Data can be reconstructed using parity bits.

Cons of RAID 5

Parity bits are useful only when there is data loss in at most one Disk. If there is loss in more than one Disk Block then parity is of no use.
Extra space for parity is required.

RAID 6

If there is more than one Disk failure, then RAID 6 implementation helps in that case. In RAID 6 there are two parity in each array/row.
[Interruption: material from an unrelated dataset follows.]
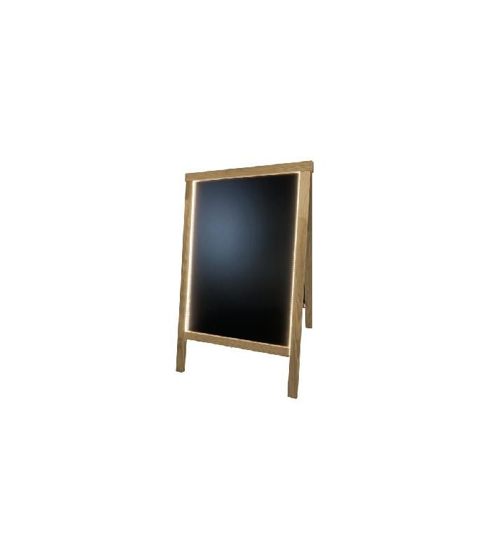 Chevalet stop trottoir de dimensions 90 x 55 cm avec cadre en bois. Eclairage lumineux LED sur les deux faces.

It is similar to RAID 5 with extra parity.

Let's See RAID 6 with the help of an example :

DISK 0	DISK 1	DISK 2	DISK 3
0	1	Q0	P0
1	Q1	P1	0
Q2	P2	0	1
P3	1	0	Q3

Here P0,P1,P2,P3 and Q0,Q1,Q2,Q3 are two parity to reconstruct the data if atmost two disks fail.

Pros of RAID 6

More parity helps in reconstructing at most 2 Disk data.

Cons of RAID 6

Extra space is used for both parities. (P and Q).
More than 2 disk failures can not be corrected.

Conclusion

RAID is used to backup the data when a disk fails for some reason.
RAID 0 implements data striping.
RAID 1 implements mirroring which creates redundant data.
RAID 2 uses Hamming code Error Detection method to correct error in data.
RAID 3 does byte-level data striping and has parity bits for each data word.
RAID 4 does block-level data striping.
RAID 5 has rotating parity across the disks.
RAID 6 has two parity which can handle at most two disk failures.